▶ [PROBLEM DETAILS]: If pictures appear in the lines below, skip them and copy exactly the lines from the one containing "Tricoline Exclusiva Páscoa" through the one containing "駐車場の確保に苦労した理由として、上記のような意見が挙げられました。", and nothing else.

▶ [PROVIDED DATA]:

··········

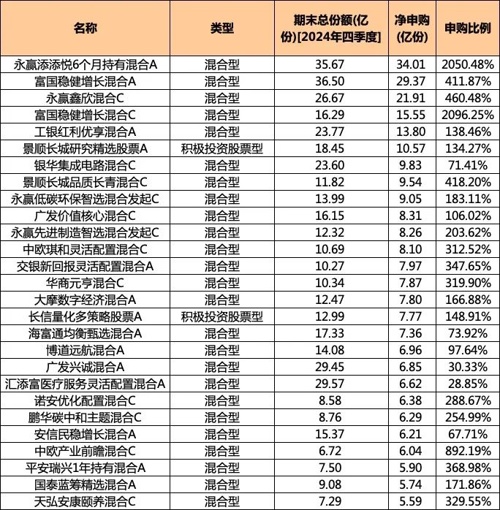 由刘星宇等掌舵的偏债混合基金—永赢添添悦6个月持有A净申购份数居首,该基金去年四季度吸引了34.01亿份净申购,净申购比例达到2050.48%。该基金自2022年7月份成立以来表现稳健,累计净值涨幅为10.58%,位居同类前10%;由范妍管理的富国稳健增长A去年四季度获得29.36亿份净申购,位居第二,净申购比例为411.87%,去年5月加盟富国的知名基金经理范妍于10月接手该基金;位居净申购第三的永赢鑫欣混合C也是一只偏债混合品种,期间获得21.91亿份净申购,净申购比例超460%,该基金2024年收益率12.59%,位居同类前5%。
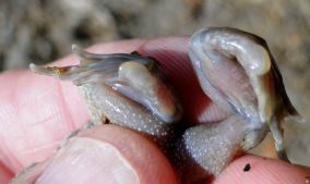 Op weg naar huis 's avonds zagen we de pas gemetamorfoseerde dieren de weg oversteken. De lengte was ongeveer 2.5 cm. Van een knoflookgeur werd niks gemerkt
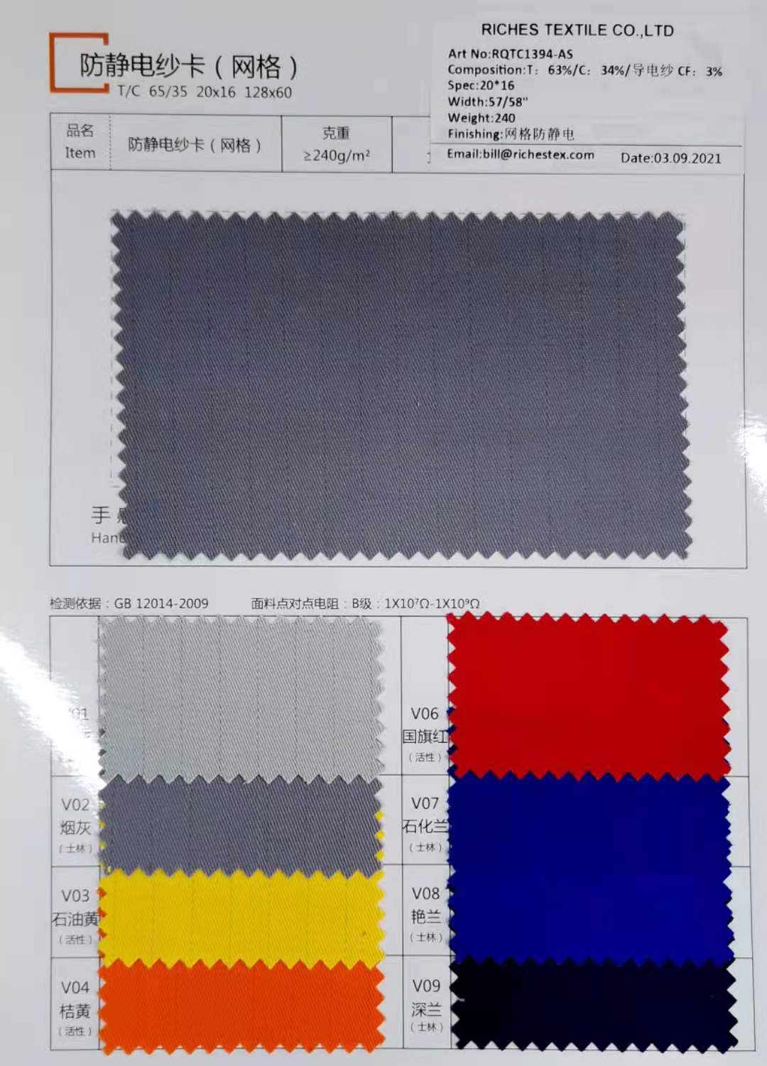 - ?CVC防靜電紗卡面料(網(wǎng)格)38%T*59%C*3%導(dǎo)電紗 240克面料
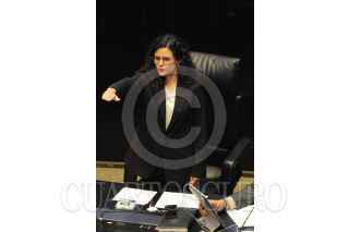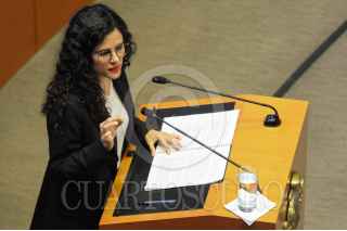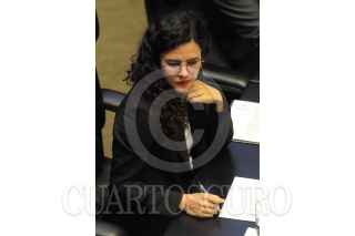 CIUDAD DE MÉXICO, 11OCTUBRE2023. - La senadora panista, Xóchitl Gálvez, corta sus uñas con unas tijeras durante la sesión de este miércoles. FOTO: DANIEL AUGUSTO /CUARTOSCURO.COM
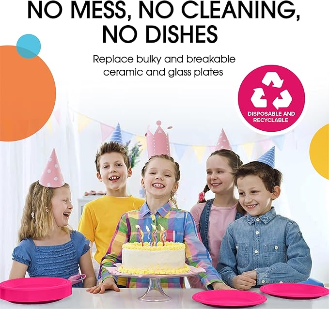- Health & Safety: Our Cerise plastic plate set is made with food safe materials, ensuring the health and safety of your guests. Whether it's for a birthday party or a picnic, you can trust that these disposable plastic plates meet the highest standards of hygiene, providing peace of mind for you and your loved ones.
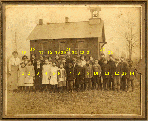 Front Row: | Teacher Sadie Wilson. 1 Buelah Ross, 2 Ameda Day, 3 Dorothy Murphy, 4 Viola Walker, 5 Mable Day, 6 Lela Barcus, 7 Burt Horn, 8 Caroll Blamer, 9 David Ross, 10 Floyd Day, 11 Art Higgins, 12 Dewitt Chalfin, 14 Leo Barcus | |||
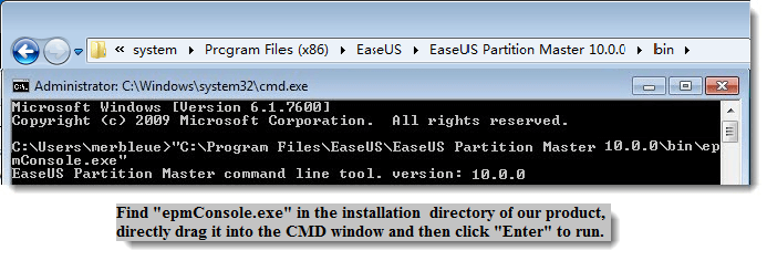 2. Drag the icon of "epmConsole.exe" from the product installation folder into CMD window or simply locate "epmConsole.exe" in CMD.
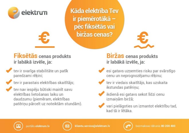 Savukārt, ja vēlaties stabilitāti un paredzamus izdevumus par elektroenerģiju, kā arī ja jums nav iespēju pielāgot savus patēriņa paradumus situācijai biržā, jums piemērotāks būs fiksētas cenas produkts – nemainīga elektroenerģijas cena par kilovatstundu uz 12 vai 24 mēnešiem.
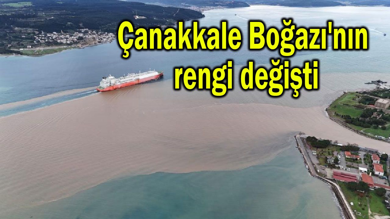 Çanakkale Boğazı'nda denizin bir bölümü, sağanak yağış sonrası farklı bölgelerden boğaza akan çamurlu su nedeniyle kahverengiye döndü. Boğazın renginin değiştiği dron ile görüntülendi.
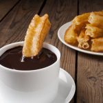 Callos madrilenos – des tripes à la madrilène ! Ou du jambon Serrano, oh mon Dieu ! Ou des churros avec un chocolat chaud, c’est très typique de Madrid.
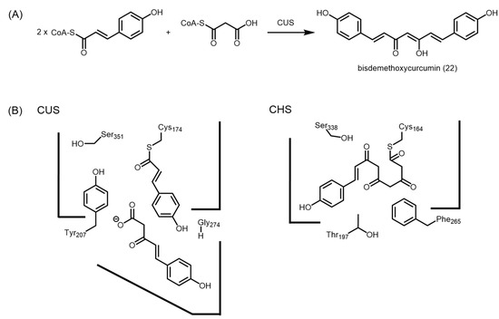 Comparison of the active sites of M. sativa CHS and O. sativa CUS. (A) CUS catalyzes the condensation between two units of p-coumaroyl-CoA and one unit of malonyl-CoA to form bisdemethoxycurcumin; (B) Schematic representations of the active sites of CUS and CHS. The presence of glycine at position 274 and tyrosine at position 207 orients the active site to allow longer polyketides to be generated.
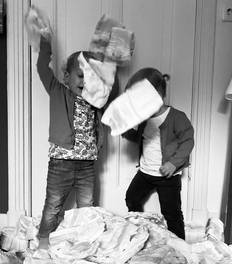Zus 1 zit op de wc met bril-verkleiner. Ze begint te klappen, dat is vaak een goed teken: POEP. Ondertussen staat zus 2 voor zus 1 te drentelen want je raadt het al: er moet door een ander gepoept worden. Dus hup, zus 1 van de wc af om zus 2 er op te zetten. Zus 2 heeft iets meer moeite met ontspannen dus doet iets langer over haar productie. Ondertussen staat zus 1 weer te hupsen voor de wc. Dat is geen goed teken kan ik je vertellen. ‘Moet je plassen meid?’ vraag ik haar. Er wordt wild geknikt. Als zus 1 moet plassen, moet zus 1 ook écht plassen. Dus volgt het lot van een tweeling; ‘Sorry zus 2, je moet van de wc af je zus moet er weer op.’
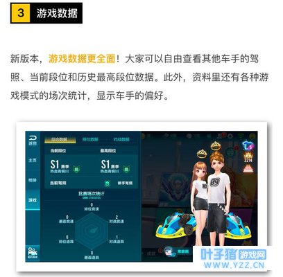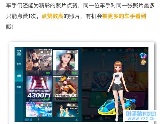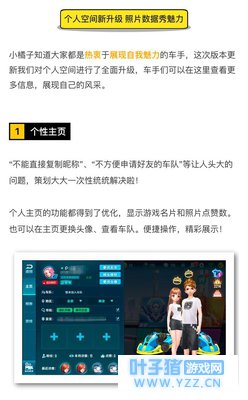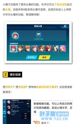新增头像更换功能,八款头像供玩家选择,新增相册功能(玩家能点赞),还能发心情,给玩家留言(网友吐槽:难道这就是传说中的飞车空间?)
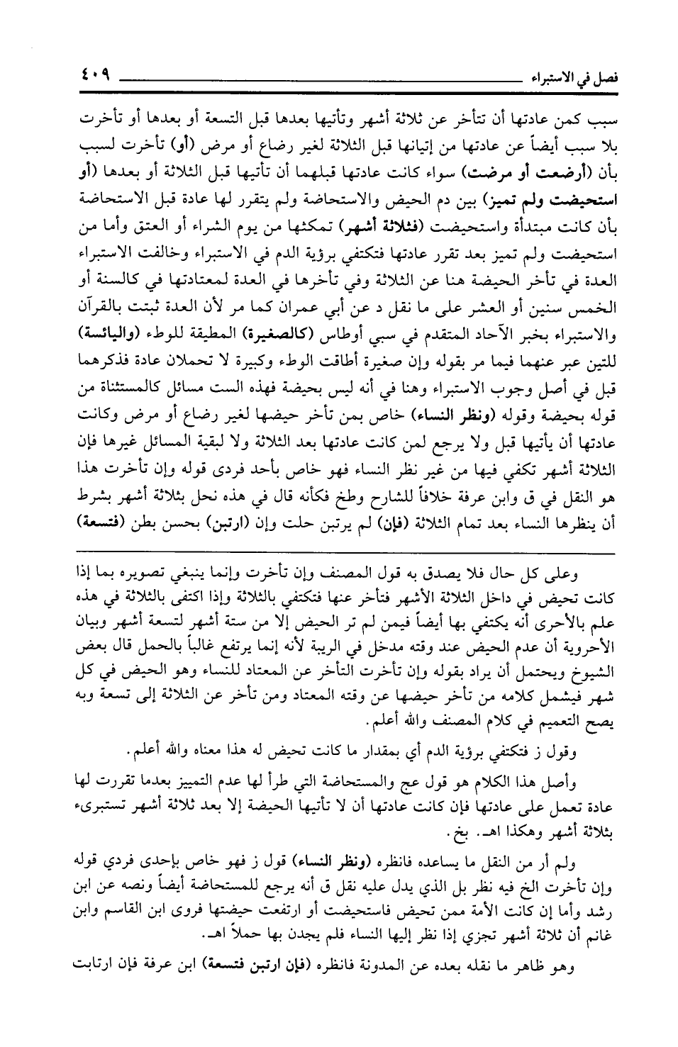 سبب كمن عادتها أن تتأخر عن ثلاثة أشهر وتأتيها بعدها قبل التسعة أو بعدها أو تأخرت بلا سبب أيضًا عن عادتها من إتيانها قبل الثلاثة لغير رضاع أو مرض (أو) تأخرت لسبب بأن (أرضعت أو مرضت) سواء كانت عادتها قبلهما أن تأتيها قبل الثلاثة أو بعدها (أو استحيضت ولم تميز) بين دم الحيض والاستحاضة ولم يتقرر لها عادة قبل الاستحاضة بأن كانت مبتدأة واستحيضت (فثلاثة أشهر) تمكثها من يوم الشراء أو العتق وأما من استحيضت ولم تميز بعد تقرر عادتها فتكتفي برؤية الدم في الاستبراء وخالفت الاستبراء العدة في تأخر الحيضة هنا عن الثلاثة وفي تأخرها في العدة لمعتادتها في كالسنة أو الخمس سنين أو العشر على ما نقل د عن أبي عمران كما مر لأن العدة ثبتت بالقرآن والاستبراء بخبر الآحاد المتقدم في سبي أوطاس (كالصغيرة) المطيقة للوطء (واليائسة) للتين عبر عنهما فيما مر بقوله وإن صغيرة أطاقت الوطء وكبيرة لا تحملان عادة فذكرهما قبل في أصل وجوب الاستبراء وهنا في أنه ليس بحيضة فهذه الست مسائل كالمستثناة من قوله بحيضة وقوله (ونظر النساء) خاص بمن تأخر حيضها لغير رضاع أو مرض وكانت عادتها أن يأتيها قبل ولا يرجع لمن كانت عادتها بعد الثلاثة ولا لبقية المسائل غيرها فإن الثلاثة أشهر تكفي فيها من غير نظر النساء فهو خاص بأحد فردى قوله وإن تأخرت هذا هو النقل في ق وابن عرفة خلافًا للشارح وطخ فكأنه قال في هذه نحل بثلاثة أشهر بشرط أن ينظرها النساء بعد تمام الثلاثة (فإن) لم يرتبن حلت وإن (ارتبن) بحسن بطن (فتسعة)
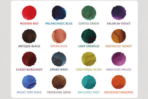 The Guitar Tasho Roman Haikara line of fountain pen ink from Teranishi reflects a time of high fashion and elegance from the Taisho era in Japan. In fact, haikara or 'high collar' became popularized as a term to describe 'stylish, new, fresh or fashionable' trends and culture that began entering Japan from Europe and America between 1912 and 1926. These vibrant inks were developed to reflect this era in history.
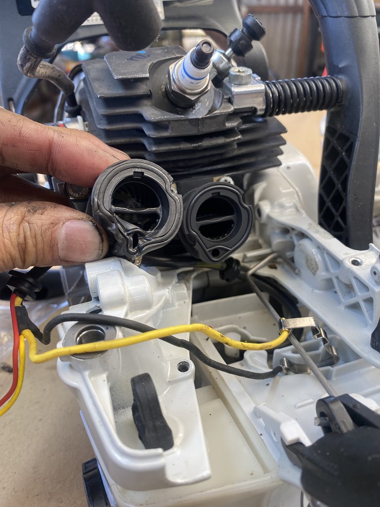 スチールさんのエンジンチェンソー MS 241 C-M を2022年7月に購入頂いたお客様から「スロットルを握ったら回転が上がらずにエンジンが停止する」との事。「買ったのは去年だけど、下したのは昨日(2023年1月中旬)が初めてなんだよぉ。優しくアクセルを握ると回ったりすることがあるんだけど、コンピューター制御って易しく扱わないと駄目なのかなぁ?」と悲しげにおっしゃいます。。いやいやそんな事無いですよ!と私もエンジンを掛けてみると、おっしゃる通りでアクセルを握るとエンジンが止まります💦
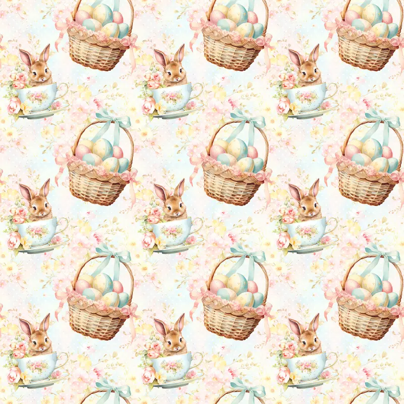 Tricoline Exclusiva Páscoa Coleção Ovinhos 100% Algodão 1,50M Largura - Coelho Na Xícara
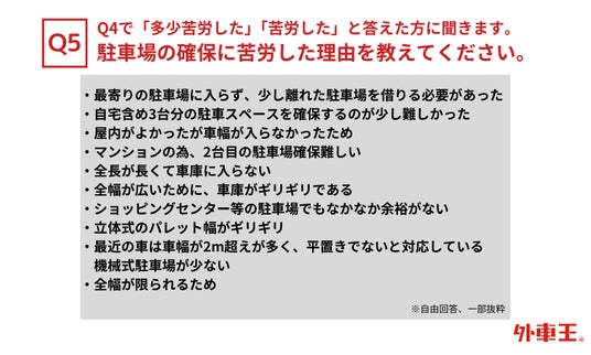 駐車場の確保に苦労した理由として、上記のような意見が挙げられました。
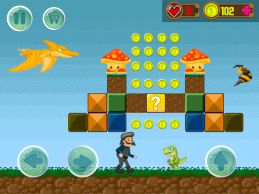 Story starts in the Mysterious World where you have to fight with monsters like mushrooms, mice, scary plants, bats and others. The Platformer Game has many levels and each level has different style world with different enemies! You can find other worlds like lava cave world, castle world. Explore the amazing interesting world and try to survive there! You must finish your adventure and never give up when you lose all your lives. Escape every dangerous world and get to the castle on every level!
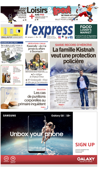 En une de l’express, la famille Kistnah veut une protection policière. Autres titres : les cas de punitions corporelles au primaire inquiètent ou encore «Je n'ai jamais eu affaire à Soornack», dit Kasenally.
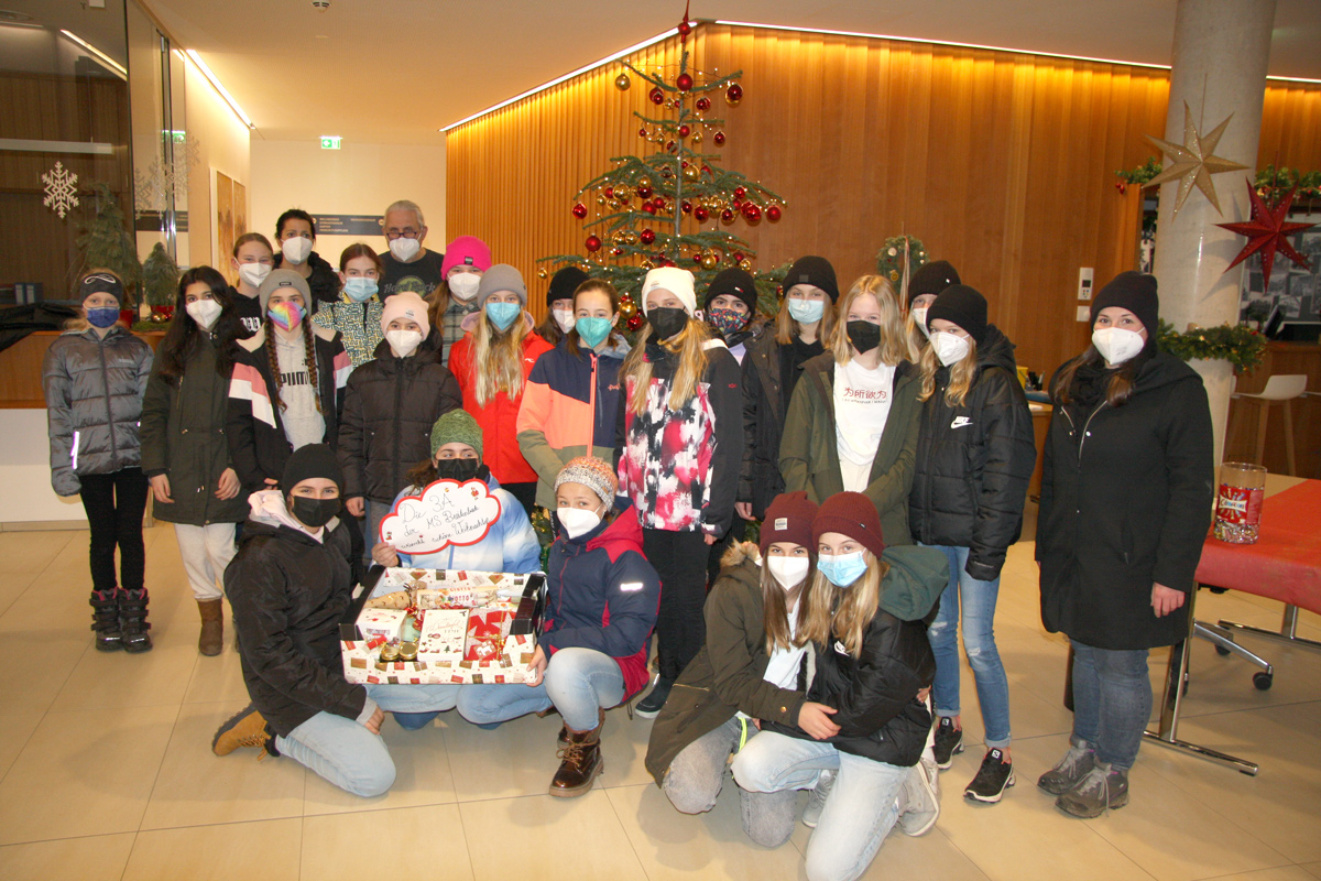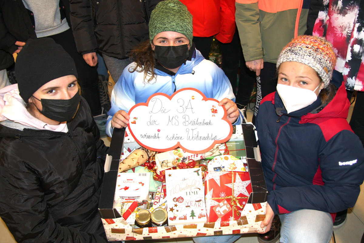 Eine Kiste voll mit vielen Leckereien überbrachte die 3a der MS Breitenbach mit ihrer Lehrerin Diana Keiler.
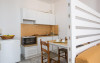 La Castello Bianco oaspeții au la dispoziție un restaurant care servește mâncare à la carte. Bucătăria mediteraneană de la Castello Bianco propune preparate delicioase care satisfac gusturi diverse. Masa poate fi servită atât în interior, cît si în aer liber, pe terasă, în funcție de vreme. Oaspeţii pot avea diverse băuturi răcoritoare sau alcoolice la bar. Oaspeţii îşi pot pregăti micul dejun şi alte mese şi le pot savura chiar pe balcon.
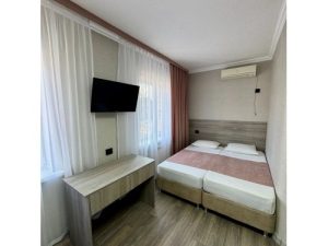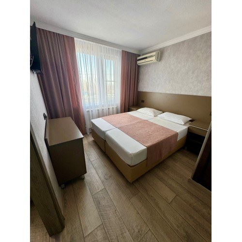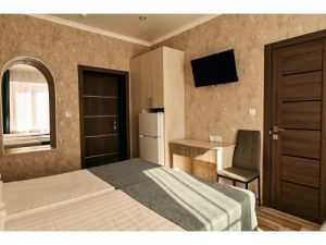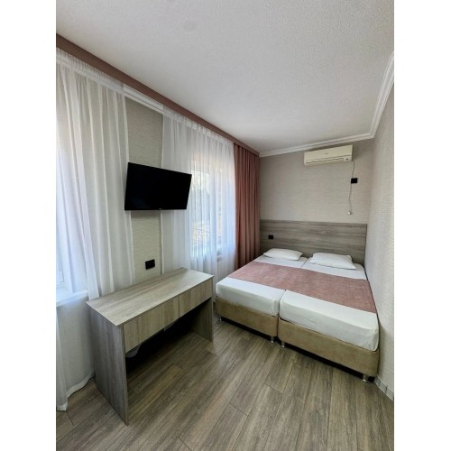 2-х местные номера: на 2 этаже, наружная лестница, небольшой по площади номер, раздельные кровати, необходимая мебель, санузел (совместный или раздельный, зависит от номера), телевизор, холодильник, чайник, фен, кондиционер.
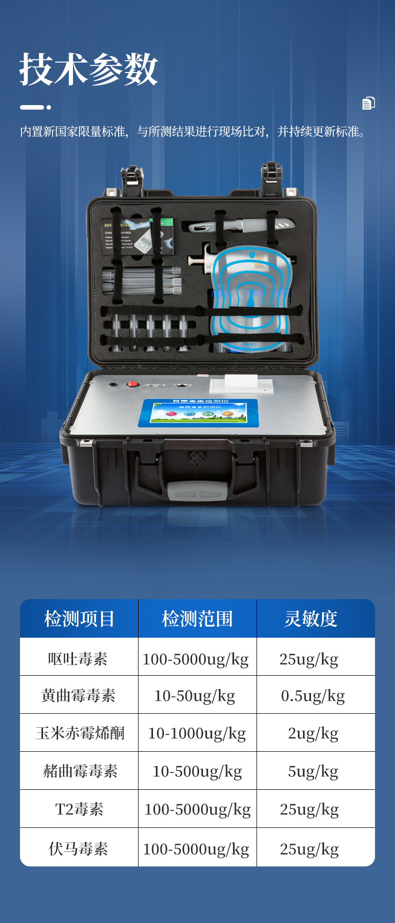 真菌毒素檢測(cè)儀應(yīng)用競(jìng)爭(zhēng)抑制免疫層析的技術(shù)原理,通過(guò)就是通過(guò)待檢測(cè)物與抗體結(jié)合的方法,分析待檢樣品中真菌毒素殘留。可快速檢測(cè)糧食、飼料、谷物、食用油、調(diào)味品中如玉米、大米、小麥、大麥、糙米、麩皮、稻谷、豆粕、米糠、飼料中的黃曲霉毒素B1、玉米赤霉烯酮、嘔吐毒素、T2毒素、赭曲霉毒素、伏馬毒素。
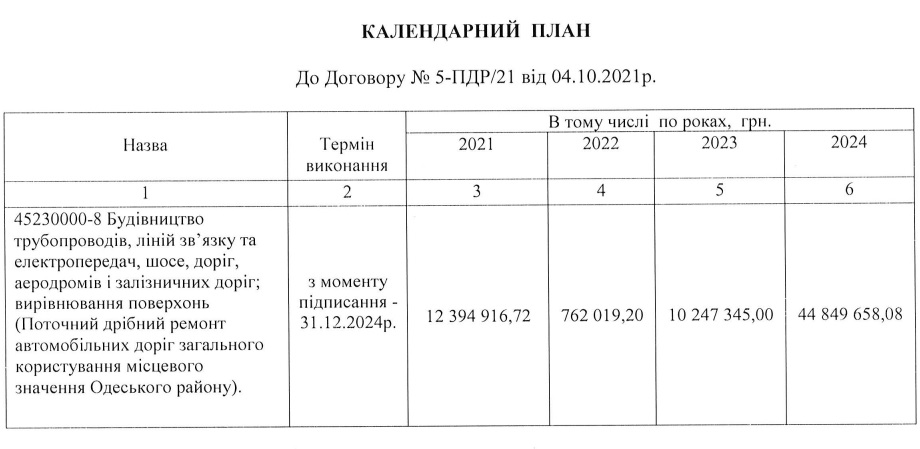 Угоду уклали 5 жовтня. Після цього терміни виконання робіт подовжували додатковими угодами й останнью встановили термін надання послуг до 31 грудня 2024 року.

··········

▶ [TASK SOLUTION]:
 Tricoline Exclusiva Páscoa Coleção Ovinhos 100% Algodão 1,50M Largura - Coelho Na Xícara
 駐車場の確保に苦労した理由として、上記のような意見が挙げられました。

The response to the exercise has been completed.